In Figure 7A, we examine TC‐25 formation with the ATS mutation CY134 in the absence of a divalent metal ion. Unlike wild‐type transposase, CY134 forms TC‐25 at high levels with Mut‐C and Mut‐F (compare lanes 3, 4 and 5). The absence of TC‐25 formation with the IE oligomer (lane 6) indicates that the effect of the CY134 mutation is to increase the stability of the DEBc on a suboptimal target site as opposed to increasing the stability of DEBc on DNA sequences which bear no resemblance to the Tn10 target consensus.

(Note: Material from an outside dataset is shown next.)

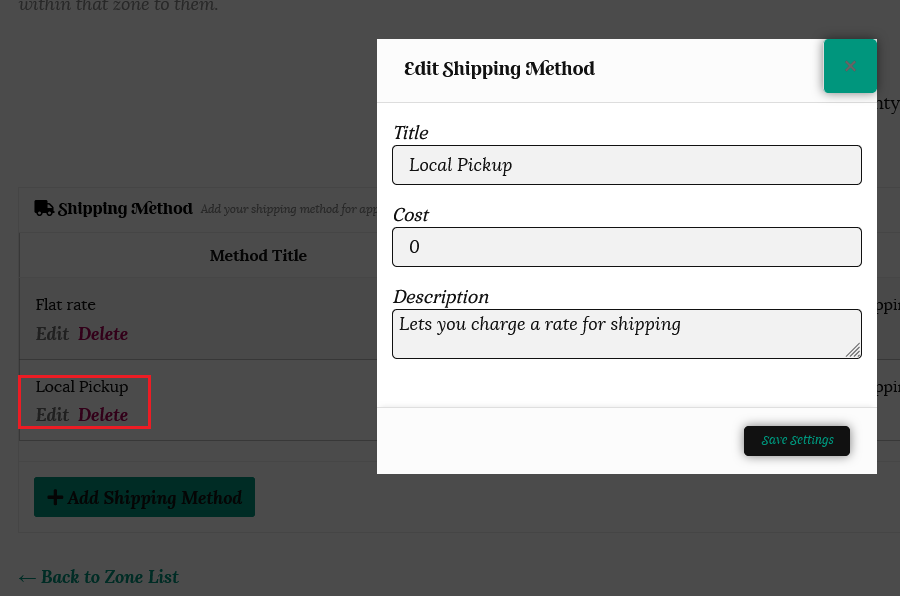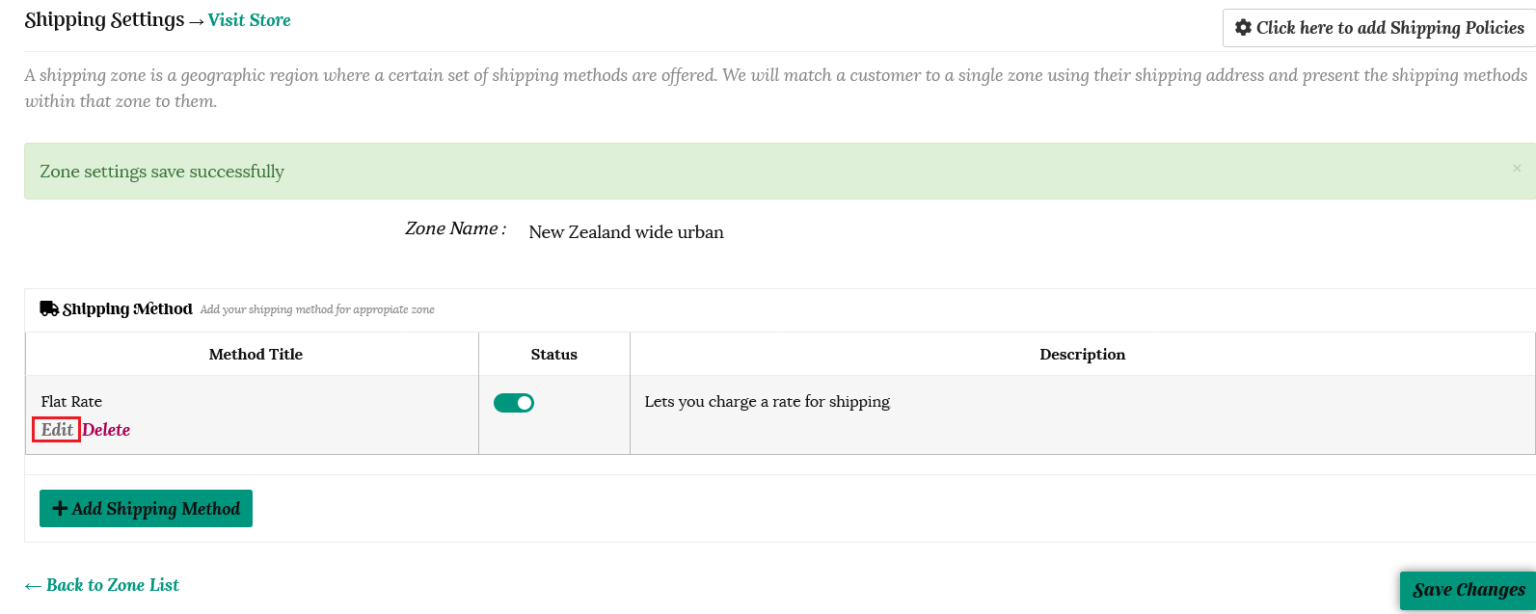 This will take you back to the shipping method page for that zone. Flat Rate will now be shown as a shipping option. Click “Edit” to set your rates.

In Figure 7B, we examine TC‐25 formation with HisG1 and Exc+Int− mutants and Exc+Int−/CY134 double mutants. Neither of the Exc+Int− mutants form significant levels of TC‐25 in the presence or absence of a divalent metal ion, although, specifically in the absence of a divalent metal ion, both mutants form significant levels of TC‐OE (lanes 5 and 11). These observations are consistent with the idea that while these mutants can still form target capture complex, they are defective in (HisG1) target site selection. Experiments with supercoiled target plasmid confirm that these mutants can form target capture complexes and, as expected, these complexes are sensitive to challenge with competitor DNA (data not shown). Other members of the Exc+Int− class that we have examined, including DE100, RH243 and EK263, behave similarly to PS167 and RQ106 with respect to TC‐25 formation and target capture using a supercoiled plasmid (data not shown). Bolland and Kleckner (1996) have identified an Exc+Int− mutant (KA299) which fails to capture a supercoiled plasmid target, indicating that not all Exc+Int− mutants behave in the same way with respect to interactions with target DNA.

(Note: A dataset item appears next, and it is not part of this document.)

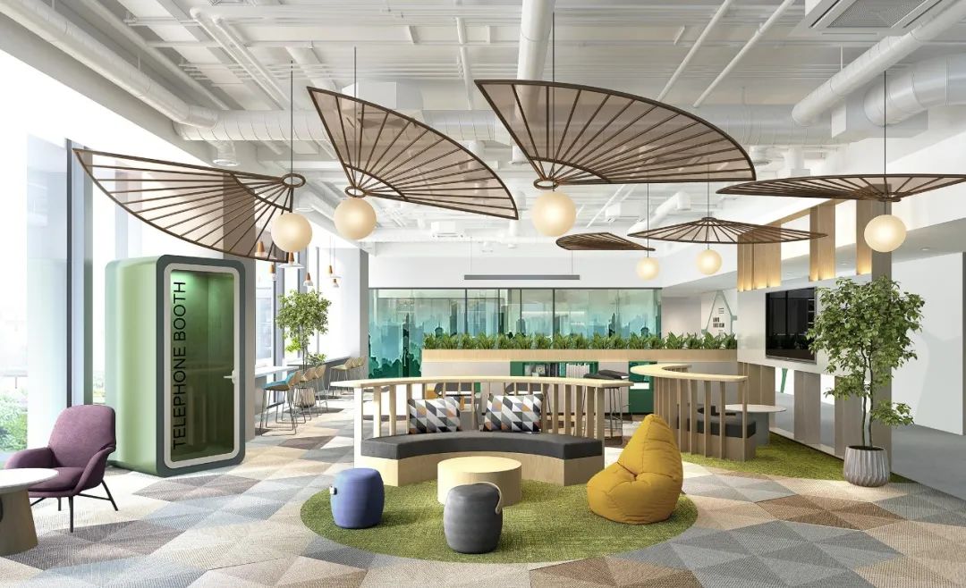 Space is growing but nature will not. Nature will be integrated into urban texture more harmoniously.Bright and fresh aesthetic can be found everywhere once observed visually. The concept of permeability is widely applied in design, invisible but indispensable, just like the photosynthesis in which sunlight penetrates cell walls. In space, to interpretate the interaction between individuals and the environment, JHD blends the philosophy of life, health and green office into the design delicately, making the shadow of the game lither and nimbler.

CY134 was identified previously as an intragenic second site suppressor to both PS167 and RQ106 (Junop et al., 1994). If CY134 suppresses these mutations by specifically affecting target site selection, as opposed to influencing another step, then the double mutants should show increased levels of TC‐25 formation. This result is observed with PS167/CY134 (Figure 7B, compare lanes 11 and 14); however, formation of TC‐25 with RQ106/CY134 requires a divalent metal ion (lane 9).
The work described here focuses on the target capture stage of the Tn10 transposition reaction. We show that it is possible to form a stable target capture complex (TC‐25) with short DNA oligomers, that TC‐25 formation is highly dependent on target DNA sequence and that this sequence dependence mimics that observed in vivo (Halling and Kleckner, 1982; Bender and Kleckner, 1992a). Importantly, TC‐25 formed with HisG1 undergoes strand transfer specifically into the hotspot when incubated with Mg2+, indicating that it is a viable transposition intermediate. The assay developed here is unique in transposition systems as we are able to study target selection directly using an intact transpososome. Using this assay we have begun to investigate the factors involved in target site selection in Tn10 transposition.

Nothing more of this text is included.